▸ **TASK OBJECTIVE**:
Nothing but the pictures is dropped; write out all the remaining data below exactly.

▸ **DATASET CONTENT**:
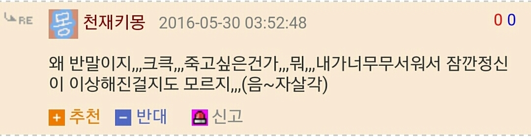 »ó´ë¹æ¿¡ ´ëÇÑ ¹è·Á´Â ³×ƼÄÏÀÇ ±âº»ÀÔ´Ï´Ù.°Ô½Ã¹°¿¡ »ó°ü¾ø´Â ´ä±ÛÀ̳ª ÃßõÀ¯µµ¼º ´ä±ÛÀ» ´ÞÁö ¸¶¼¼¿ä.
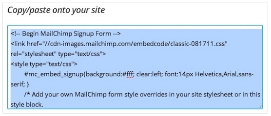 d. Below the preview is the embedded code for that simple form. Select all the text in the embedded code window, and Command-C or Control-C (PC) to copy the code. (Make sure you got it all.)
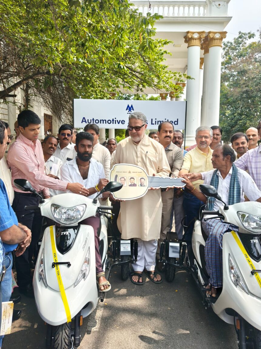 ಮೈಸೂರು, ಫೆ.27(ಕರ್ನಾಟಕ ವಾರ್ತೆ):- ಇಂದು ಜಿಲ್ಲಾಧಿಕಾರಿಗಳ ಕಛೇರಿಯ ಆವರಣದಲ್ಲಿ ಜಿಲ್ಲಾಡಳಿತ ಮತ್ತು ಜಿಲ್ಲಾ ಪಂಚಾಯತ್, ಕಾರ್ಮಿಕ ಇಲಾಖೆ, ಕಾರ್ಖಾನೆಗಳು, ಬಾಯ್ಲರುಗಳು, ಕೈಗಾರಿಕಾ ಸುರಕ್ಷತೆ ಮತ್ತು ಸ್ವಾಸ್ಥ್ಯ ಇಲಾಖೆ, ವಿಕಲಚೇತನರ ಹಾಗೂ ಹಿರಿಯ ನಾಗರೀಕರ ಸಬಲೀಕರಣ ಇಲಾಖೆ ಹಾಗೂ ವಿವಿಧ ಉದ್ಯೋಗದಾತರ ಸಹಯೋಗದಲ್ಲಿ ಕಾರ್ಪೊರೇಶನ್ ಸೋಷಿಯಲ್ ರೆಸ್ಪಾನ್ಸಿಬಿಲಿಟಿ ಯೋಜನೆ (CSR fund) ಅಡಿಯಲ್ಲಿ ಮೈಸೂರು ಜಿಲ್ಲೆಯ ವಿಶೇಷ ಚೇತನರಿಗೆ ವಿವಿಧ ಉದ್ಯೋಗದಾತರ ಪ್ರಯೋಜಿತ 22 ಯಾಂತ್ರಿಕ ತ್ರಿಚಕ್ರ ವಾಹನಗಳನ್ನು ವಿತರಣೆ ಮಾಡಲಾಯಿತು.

▸ **ANSWER TO THIS EXERCISE**:
 »ó´ë¹æ¿¡ ´ëÇÑ ¹è·Á´Â ³×ƼÄÏÀÇ ±âº»ÀÔ´Ï´Ù.°Ô½Ã¹°¿¡ »ó°ü¾ø´Â ´ä±ÛÀ̳ª ÃßõÀ¯µµ¼º ´ä±ÛÀ» ´ÞÁö ¸¶¼¼¿ä.
 d. Below the preview is the embedded code for that simple form. Select all the text in the embedded code window, and Command-C or Control-C (PC) to copy the code. (Make sure you got it all.)
 ಮೈಸೂರು, ಫೆ.27(ಕರ್ನಾಟಕ ವಾರ್ತೆ):- ಇಂದು ಜಿಲ್ಲಾಧಿಕಾರಿಗಳ ಕಛೇರಿಯ ಆವರಣದಲ್ಲಿ ಜಿಲ್ಲಾಡಳಿತ ಮತ್ತು ಜಿಲ್ಲಾ ಪಂಚಾಯತ್, ಕಾರ್ಮಿಕ ಇಲಾಖೆ, ಕಾರ್ಖಾನೆಗಳು, ಬಾಯ್ಲರುಗಳು, ಕೈಗಾರಿಕಾ ಸುರಕ್ಷತೆ ಮತ್ತು ಸ್ವಾಸ್ಥ್ಯ ಇಲಾಖೆ, ವಿಕಲಚೇತನರ ಹಾಗೂ ಹಿರಿಯ ನಾಗರೀಕರ ಸಬಲೀಕರಣ ಇಲಾಖೆ ಹಾಗೂ ವಿವಿಧ ಉದ್ಯೋಗದಾತರ ಸಹಯೋಗದಲ್ಲಿ ಕಾರ್ಪೊರೇಶನ್ ಸೋಷಿಯಲ್ ರೆಸ್ಪಾನ್ಸಿಬಿಲಿಟಿ ಯೋಜನೆ (CSR fund) ಅಡಿಯಲ್ಲಿ ಮೈಸೂರು ಜಿಲ್ಲೆಯ ವಿಶೇಷ ಚೇತನರಿಗೆ ವಿವಿಧ ಉದ್ಯೋಗದಾತರ ಪ್ರಯೋಜಿತ 22 ಯಾಂತ್ರಿಕ ತ್ರಿಚಕ್ರ ವಾಹನಗಳನ್ನು ವಿತರಣೆ ಮಾಡಲಾಯಿತು.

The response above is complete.